One can obtain an approximate analytic solution for the outbreak curve itself, shown below. I may return to this notebook and explore the possibility of testing the model against this later.  However, the approximation employed in deriving this is that *R<sub>0</sub> R(t)* is small, which is likely to be violated over the course of the outbreak.  And it's immediately clear upon looking at this formula that it doesn't exactly offer some intuitive interpretation for the dynamics.

$$
\frac{dR}{dt} = \frac{\gamma \alpha^2}{2S(0)R_0^2}\text{sech}^2\left(\frac{\alpha \gamma t}{2} - \phi\right) \\
\phi = \text{tanh}^{-1}\left(\frac{S(0)(R_0-1)}{\alpha}\right) \\
\alpha = \sqrt{S(0)^2(R_0-1)^2 + 2S(0)I(0)R_0^2}
$$


This notebook tests the implementation and behavior of the model as follows:
### Construct the model
In the first few cells, we do all the necessary imports.  Then we construct a single-patch LASER model with three components: `Susceptibility`, `Transmission`, and `Infection`.  The `Susceptibility` component adds an agent property `susceptibility`, and the `Infection` component will require a new agent property `itimer`.  The `S` state is defined by `susceptibility==1`, the `I` state by `itimer>0`, and the `R` state by `itimer<=0 and susceptibility==0`.  Finally, we initialize with a handful of infections and run.  The `Susceptibility` and `Transmission` components are previously described. 

### Sanity check
The first test, as always, ensures that certain basic constraints are being obeyed by the model.  As it stands, I am not actually explicitly tracking the recovered population, but I can check that: 
$$
S_t = N_t - \sum{\Delta_I}
$$  

### Scientific test
The scientific test will loop over a set of *(R<sub>0</sub>, S(0))* pairs and confirm that the final outbreak size matches the expectation given in the equation above.  As this is a stochastic model, the main concern is that when *R<sub>0</sub>S(0)* is close to one, the outbreak may fail to take off or truncate at a slightly smaller final size.  



In [None]:
import itertools

import matplotlib.pyplot as plt
import numpy as np
import pandas as pd
from laser_core.propertyset import PropertySet
from scipy.optimize import fsolve

from laser_generic import Model
from laser_generic.infection import Infection
from laser_generic.susceptibility import Susceptibility
from laser_generic.transmission import Transmission
from laser_generic.utils import seed_infections_randomly
from laser_generic.utils import set_initial_susceptibility_randomly

f"{np.__version__=}"

In [None]:
pop = 1e6
nticks = 730
scenario = pd.DataFrame(data=[["homenode", pop]], columns=["name", "population"])
parameters = PropertySet({"seed": 2, "nticks": nticks, "verbose": True, "beta": 0.1, "inf_mean": 50})
model = Model(scenario, parameters)
model.components = [
    Susceptibility,
    Transmission,
    Infection,
]

set_initial_susceptibility_randomly(model, 1.0)
seed_infections_randomly(model, ninfections=1)
model.run()
plt.plot(model.patches.cases)

# Sanity checks
Check that the relationships between susceptible, infected, and total population hold.

In [None]:
cases = np.squeeze(model.patches.cases)
susc = np.squeeze(model.patches.susceptibility)
rec = np.squeeze(model.patches.recovered)
inc = np.squeeze(model.patches.incidence)
pops = np.squeeze(model.patches.populations)[:-1]

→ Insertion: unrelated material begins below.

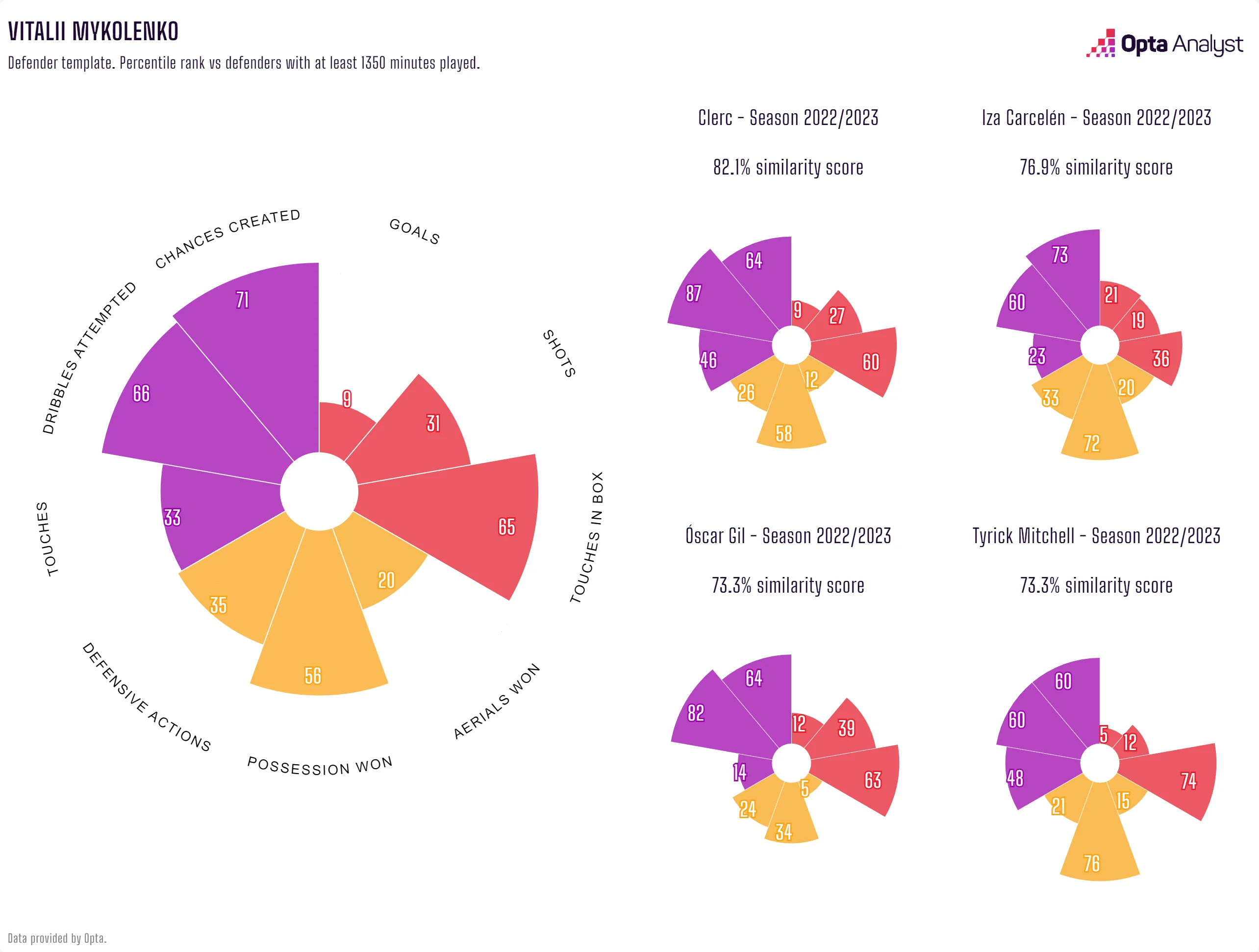 До уваги беруться лише ті футболісти, які в попередньому сезоні відіграли за команду понад 1350 хвилин у чемпіонаті, тобто 15 повних матчів. Тому для формування радарів Маліновського чи Мудрика мало даних. Натомість є статистика Миколенка.

print("S+I+R = N:  " + str(np.isclose(cases + susc + rec, pops).all()))
print("S = N - sum(deltaI): " + str(np.isclose(pops[1:] - susc[1:], 1 + np.cumsum(inc)[:-1]).all()))  # Account for 1 timestep offset here

## Scientific test
We will now loop over a few values of R-zero and initial susceptibility, and compare the size of the outbreak against the expected size given by the equation in the introduction

In [None]:
def KM_limit(z, R0, S0, I0):
    if R0 * S0 < 1:
        return 0
    else:
        return z - S0 * (1 - np.exp(-R0 * (z + I0)))

In [None]:
%%capture
population = 1e5
inf_mean = 20
init_inf = 20

R0s = np.concatenate((np.linspace(0.2, 1.0, 5), np.linspace(1.5, 10.0, 25)))
S0s = [1.0, 0.8, 0.6, 0.4, 0.2]
output = pd.DataFrame(list(itertools.product(R0s, S0s)), columns=["R0", "S0"])
output["I_inf_exp"] = [
    fsolve(KM_limit, 0.5 * (R0 * S0 >= 1), args=(R0, S0, init_inf / population))[0] for R0, S0 in zip(output["R0"], output["S0"])
]
output["S_inf_exp"] = output["S0"] - output["I_inf_exp"]
output["I_inf_obs"] = np.nan
output["S_inf_obs"] = np.nan


for index, row in output.iterrows():
    scenario = pd.DataFrame(data=[["homenode", population]], columns=["name", "population"])
    parameters = PropertySet({"seed": 2, "nticks": 1460, "verbose": True, "inf_mean": inf_mean, "beta": row["R0"] / inf_mean})

    model = Model(scenario, parameters)
    model.components = [
        Susceptibility,
        Transmission,
        Infection,
    ]
    set_initial_susceptibility_randomly(model, row["S0"])
    seed_infections_randomly(model, ninfections=init_inf)
    model.run()

    output.loc[index, "I_inf_obs"] = (
        np.sum(model.patches.incidence) + init_inf
    ) / population  # incidence doesn't count the imported infections
    output.loc[index, "S_inf_obs"] = model.patches.susceptibility[-1] / population

In [None]:
plt.figure()
colors = itertools.cycle(["b", "g", "r", "c", "m", "y", "k"])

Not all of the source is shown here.